Kant's ethics are based on the idea of duty . For him it is the highest moral concept in which the unconditionality of the moral is expressed. Since any heteronomy is excluded, the origin of duty can only lie in the dignity of the person as a person.

Kant makes a sharp distinction between legality and morality. True morality is only achieved when the law is fulfilled for its own sake alone, when actions are only “out of duty and respect for the law, not out of love and affection for what the actions are supposed to produce”.

Postulates of Practical Reason

Kant distinguishes between the motive (motive) and the object (object) of moral action. The only determining motive for an act that is not only legal but also truly moral can only be the law as such. For him the object is that which cannot determine the moral act, but is effected by it, that is, not the motive but the effect of moral action. For Kant - and thus it stands in the classical tradition - this object is the “highest good” ( summum bonum ). This necessarily includes two elements: “holiness” - understood by Kant as moral perfection - and bliss . Starting from this, Kant opens up the postulates of freedom , immortality and God .

  • freedom

The law addresses the will, and therefore presupposes the ability of free self-determination for moral action, ie freedom of will. For Kant, freedom is not given directly, and certainly not psychologically, through inner perception, can be experienced: then it would be an empirical, that is, a content that appears sensually. Only the moral law is given directly as a “fact of pure practical reason”. The condition for the possibility of its realization is freedom of will. Kant thinks it strictly transcendental : as a condition for the possibility of moral action. As such it stands in a necessary connection with the law and can therefore be shown as a postulate of pure reason.

  • immortality

The moral law commands the realization of "holiness". But “no rational being of the sense world is capable of this at any point in time of its existence” . It can therefore only be achieved in an “ infinite progressus ”, which “is only possible under the precondition of an infinitely continuous existence and personality of the same rational being (which is called the immortality of the soul)” . For Kant, the postulate of practical reason is the immortality of the soul, which he understands as an infinite process of approximate realization of moral perfection.

  • God

Moral action demands, not as a motive but only as an effect, the attainment of happiness. With this, Kant takes up the basic idea of ​​“eudaimonia”, which has been the goal of moral action since ancient Greece, with the only difference that, according to Kant, it must never be a motive, but always an object of moral action. For Kant, "bliss" means the correspondence between natural occurrences and our moral will. We could not bring about this ourselves because we are not the originators of the world and natural events. Hence a supreme cause is required which is superior to us and nature, is itself determined by moral volition and has the power to bring about harmony between natural occurrences and moral volitions. Happiness therefore presupposes the existence of God as a postulate of practical reason. For Kant, God is the ultimate reason for the absolutely valid meaningfulness of all moral striving and action.

utilitarianism

Bentham's measure is the greatest happiness of the greatest number

The Utilitarianism is the most elaborate and - among other reasons - for about a hundred years most talked about international variant of a consequentialist ethics . Its attraction is based on its approach, alternative courses of action can be quantified and decided through a mathematical calculation.

Consequentialism

In utilitarianism, the moral judgment of human action is based on the judgment of the (probable) consequences of action. The consequences of the action are compared with the costs associated with the action itself.

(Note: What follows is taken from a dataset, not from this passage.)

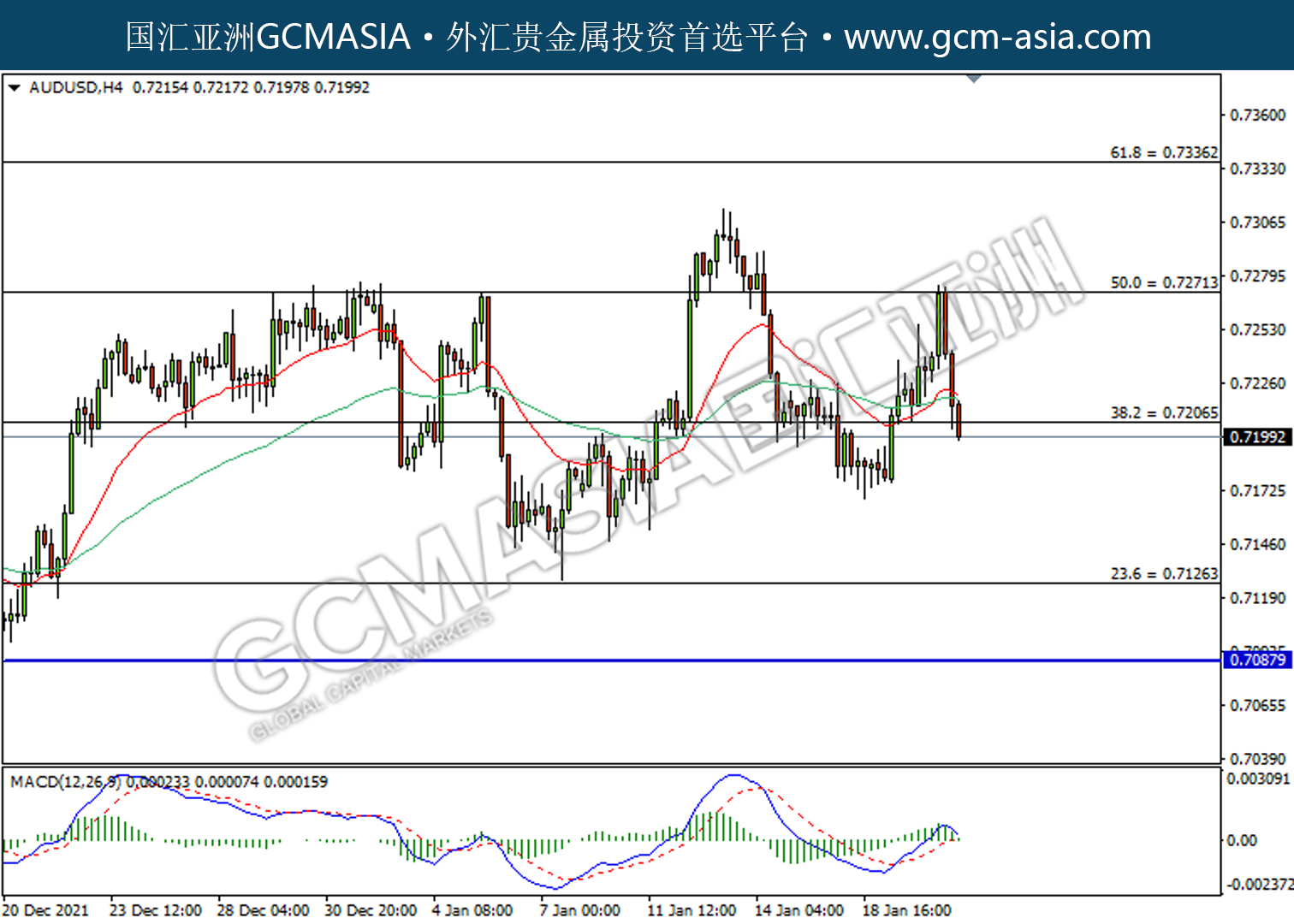 20220121 AUDUSD by willy | Jan 21, 2022 | 澳元兑美元 | 0 comments AUDUSD,H4:澳美高位承压回落。MACD多头动能有所略减,若下破可继续看空。上方关注0.7270压力和0.7335压力,下方关注0.7210支撑和0.7125支撑。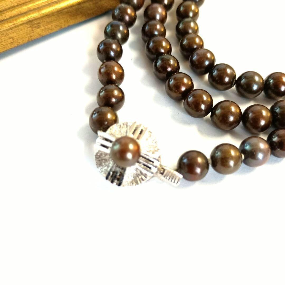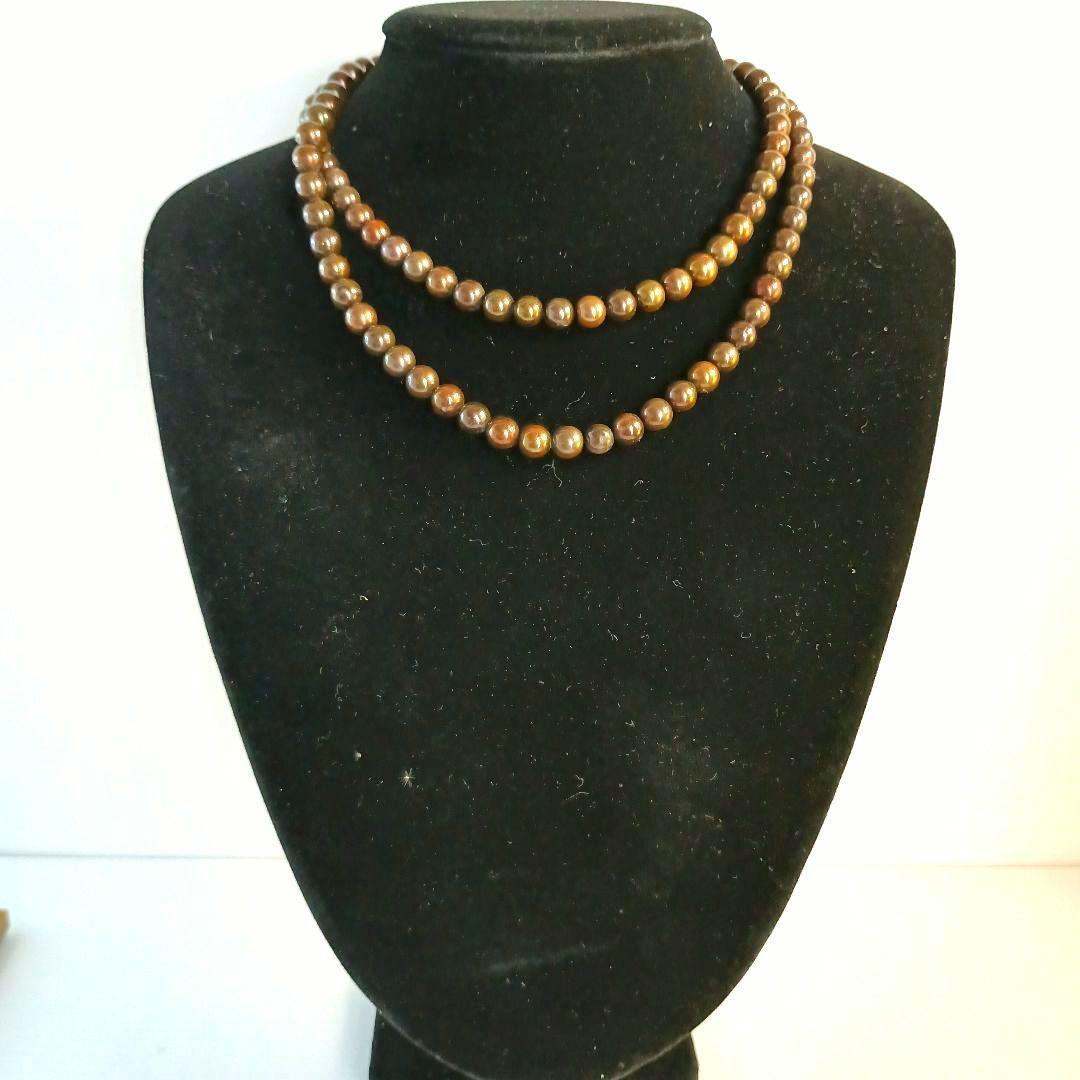 本真珠 淡水パール ロングネックレ スブラウン系

Not every action with good consequences is therefore morally necessary. Circumstances may arise (e.g. political tyranny) in which the only possible action with good consequences requires so much moral heroism that it cannot seriously be expected of anyone.

On the other hand, not every act with bad consequences is morally prohibited under all circumstances. In some situations even an action with bad consequences may be permitted or even required, e.g. B. if the alternative courses of action - including inaction - had even worse consequences. The "consequences" include:

  • the intended consequences of the act
  • the unintended foreseeable consequences ("side effects") of the action
  • the action and its circumstances themselves (e.g. the physical and psychological effort associated with it)

All three components must be taken into account when choosing the right action.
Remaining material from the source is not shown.